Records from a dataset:
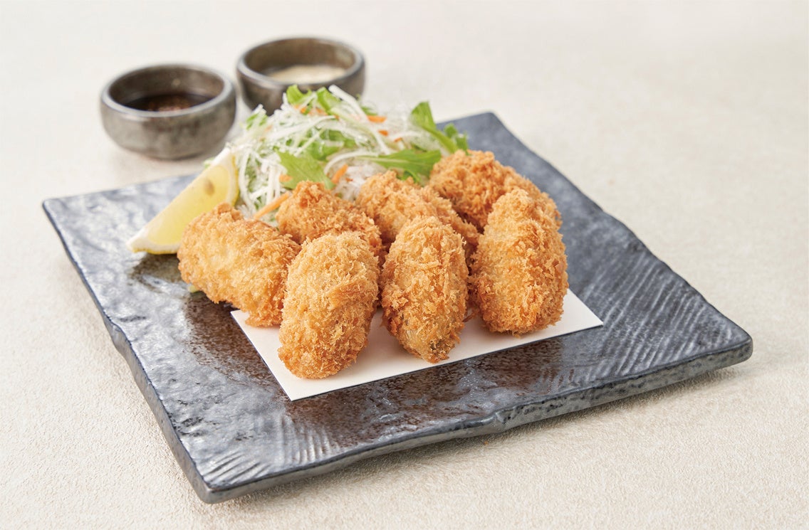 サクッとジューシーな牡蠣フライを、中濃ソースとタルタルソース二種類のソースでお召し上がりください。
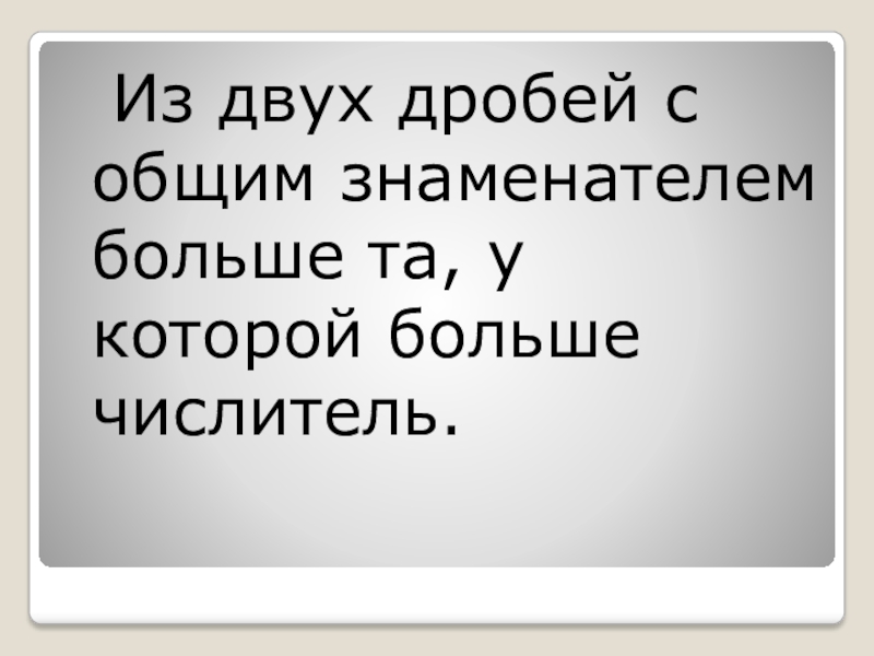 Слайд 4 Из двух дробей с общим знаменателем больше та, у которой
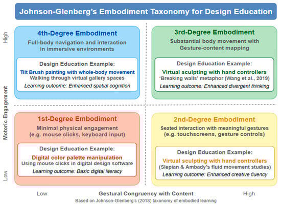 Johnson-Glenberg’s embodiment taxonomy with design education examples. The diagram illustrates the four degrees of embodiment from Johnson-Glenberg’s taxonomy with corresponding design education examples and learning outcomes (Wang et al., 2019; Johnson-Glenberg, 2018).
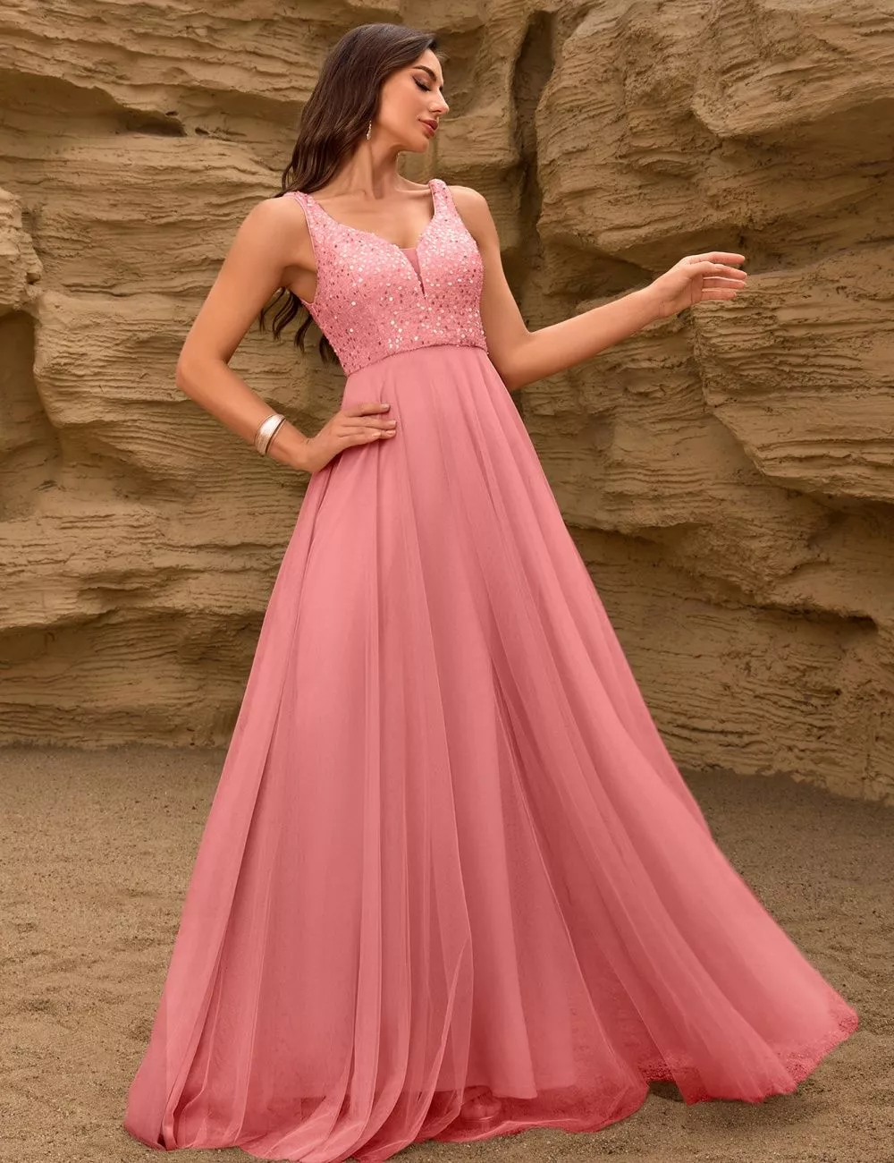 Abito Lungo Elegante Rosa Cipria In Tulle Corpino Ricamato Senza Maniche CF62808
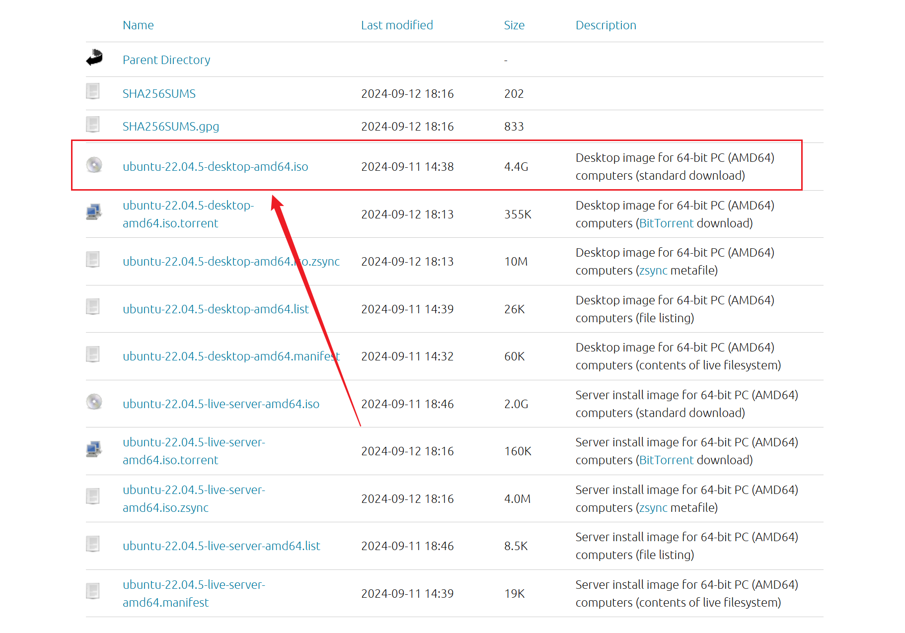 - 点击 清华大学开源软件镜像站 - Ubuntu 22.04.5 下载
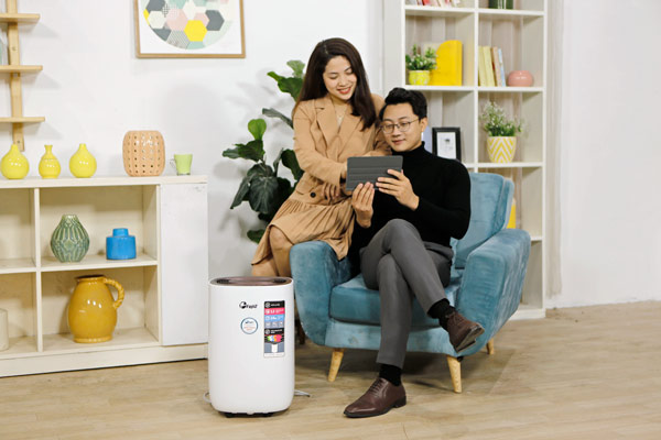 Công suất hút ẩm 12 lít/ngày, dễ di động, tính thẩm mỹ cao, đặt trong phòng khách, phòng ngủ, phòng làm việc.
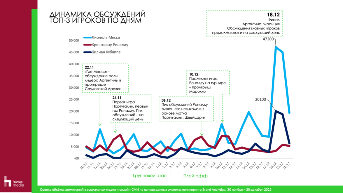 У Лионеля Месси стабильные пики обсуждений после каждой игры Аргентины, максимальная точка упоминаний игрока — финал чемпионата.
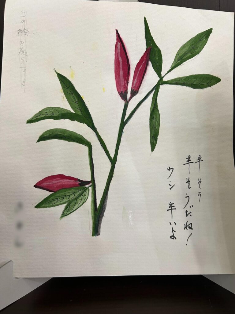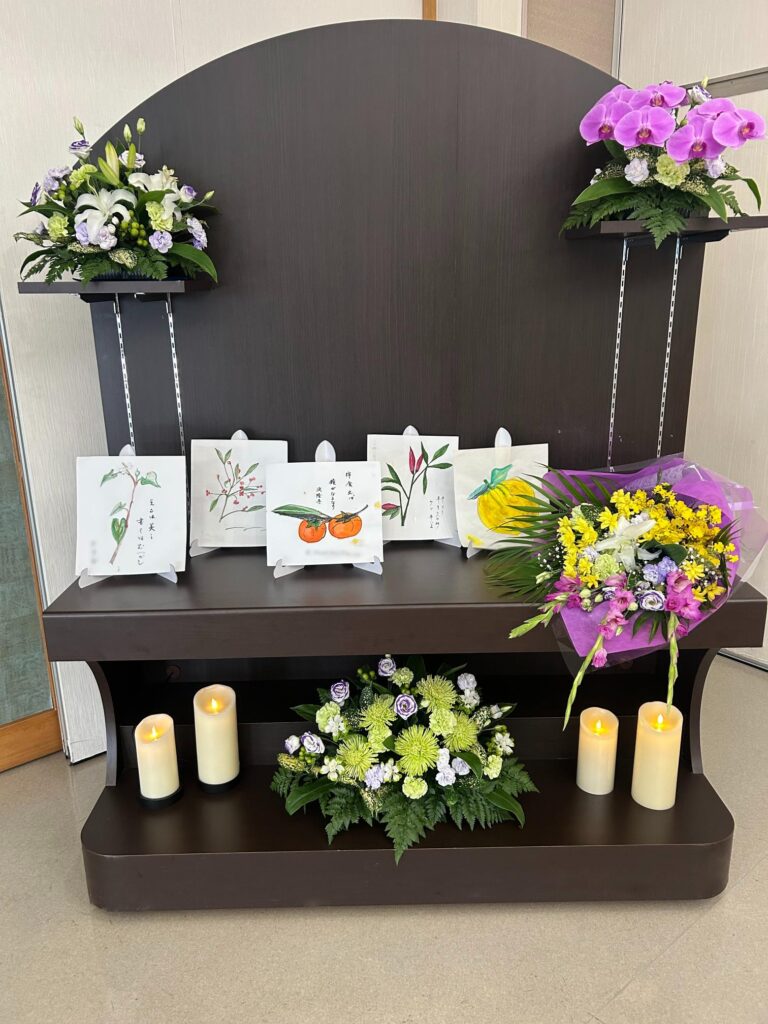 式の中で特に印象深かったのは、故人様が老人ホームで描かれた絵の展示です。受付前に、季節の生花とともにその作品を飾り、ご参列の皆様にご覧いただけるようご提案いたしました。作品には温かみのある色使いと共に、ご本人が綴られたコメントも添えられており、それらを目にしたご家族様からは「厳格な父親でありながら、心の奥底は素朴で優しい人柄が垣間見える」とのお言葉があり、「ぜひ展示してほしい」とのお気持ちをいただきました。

Task directions: Leaving out all pictures, print exactly the lines above from the one containing "Слайд 4 Из двух" through the last line of the entries.

Reply to the task:
 Слайд 4 Из двух дробей с общим знаменателем больше та, у которой
 Johnson-Glenberg’s embodiment taxonomy with design education examples. The diagram illustrates the four degrees of embodiment from Johnson-Glenberg’s taxonomy with corresponding design education examples and learning outcomes (Wang et al., 2019; Johnson-Glenberg, 2018).
 Abito Lungo Elegante Rosa Cipria In Tulle Corpino Ricamato Senza Maniche CF62808
 - 点击 清华大学开源软件镜像站 - Ubuntu 22.04.5 下载
 Công suất hút ẩm 12 lít/ngày, dễ di động, tính thẩm mỹ cao, đặt trong phòng khách, phòng ngủ, phòng làm việc.
 У Лионеля Месси стабильные пики обсуждений после каждой игры Аргентины, максимальная точка упоминаний игрока — финал чемпионата.
 式の中で特に印象深かったのは、故人様が老人ホームで描かれた絵の展示です。受付前に、季節の生花とともにその作品を飾り、ご参列の皆様にご覧いただけるようご提案いたしました。作品には温かみのある色使いと共に、ご本人が綴られたコメントも添えられており、それらを目にしたご家族様からは「厳格な父親でありながら、心の奥底は素朴で優しい人柄が垣間見える」とのお言葉があり、「ぜひ展示してほしい」とのお気持ちをいただきました。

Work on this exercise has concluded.